Samantha hails from Pittsburgh, Pennsylvania. She received her MFA from the University of New Hampshire in 2018, where she was a writing instructor and taught composition and poetry courses. She also coordinated the MFA reading series Read Free or Die in Portsmouth, New Hampshire, and read for the program's literary journal, Barnstorm. She was a recipient of the 2018 Summer Teaching Assistant Fellowship, which supported her research on the representation of the Pittsburgh dialect in poetry. She has taught writing courses at UNH, Great Bay Community College, and Arts + Literature Laboratory. Currently, she is the Associate Director of the Connors Writing Center at UNH, where she collaborates with undergraduate and graduate students to help them develop transferable writing skills and passion for writing and research. She serves on the board of the Portsmouth Poet Laureate Program and on the Steering Committee of the Northeast Writing Centers Association, and provides support for the UNH Writing Committee and Writing Program.
A former member of the Appalachian Mountain Club hut croo, Samantha enjoys hiking and trail running in the White Mountains. She lives in Portsmouth, New Hampshire with her corgi dog, Moose.

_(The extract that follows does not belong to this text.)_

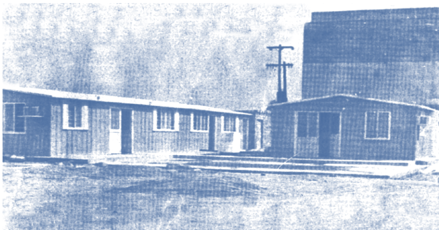
La antigua Escuela de Salud Pública
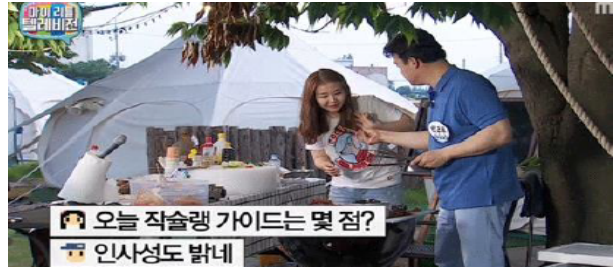
▶▶ 그림 4. 마이리틀텔레비전 방송 화면

마이리틀텔레비전은 그 동안의 소수 마니아의 전유물이었던 1인 미디어 인터넷 방송이 더 이상 소수의 마니아들의 전유물이 아닌 대중의 공감을 이끌어 내는 대중화에 큰 역할을 하고 있다.

Land acknowledgement: The City of Portsmouth is on the homelands of the Abenaki people, who have ongoing cultural and spiritual connections to this area. According to Tribal oral tradition, Abenaki people have lived in the place now called New Hampshire for more than 12,000 years—since before Tribal memory. The Abenaki are part of a larger group of Indigenous people who called themselves Wabanaki or “People of the Dawn,” and form one of many communities connected by a common language family. We are committed to acknowledging and honoring the human history tied to this land.
Adapted from Portsmouth Public Library's Land Acknowledgement, which was drafted with the help of Strawbery Banke, the Indigenous New Hampshire Collaborative Collective, and the Cowasuck Band of the Pennacook-Abenaki People.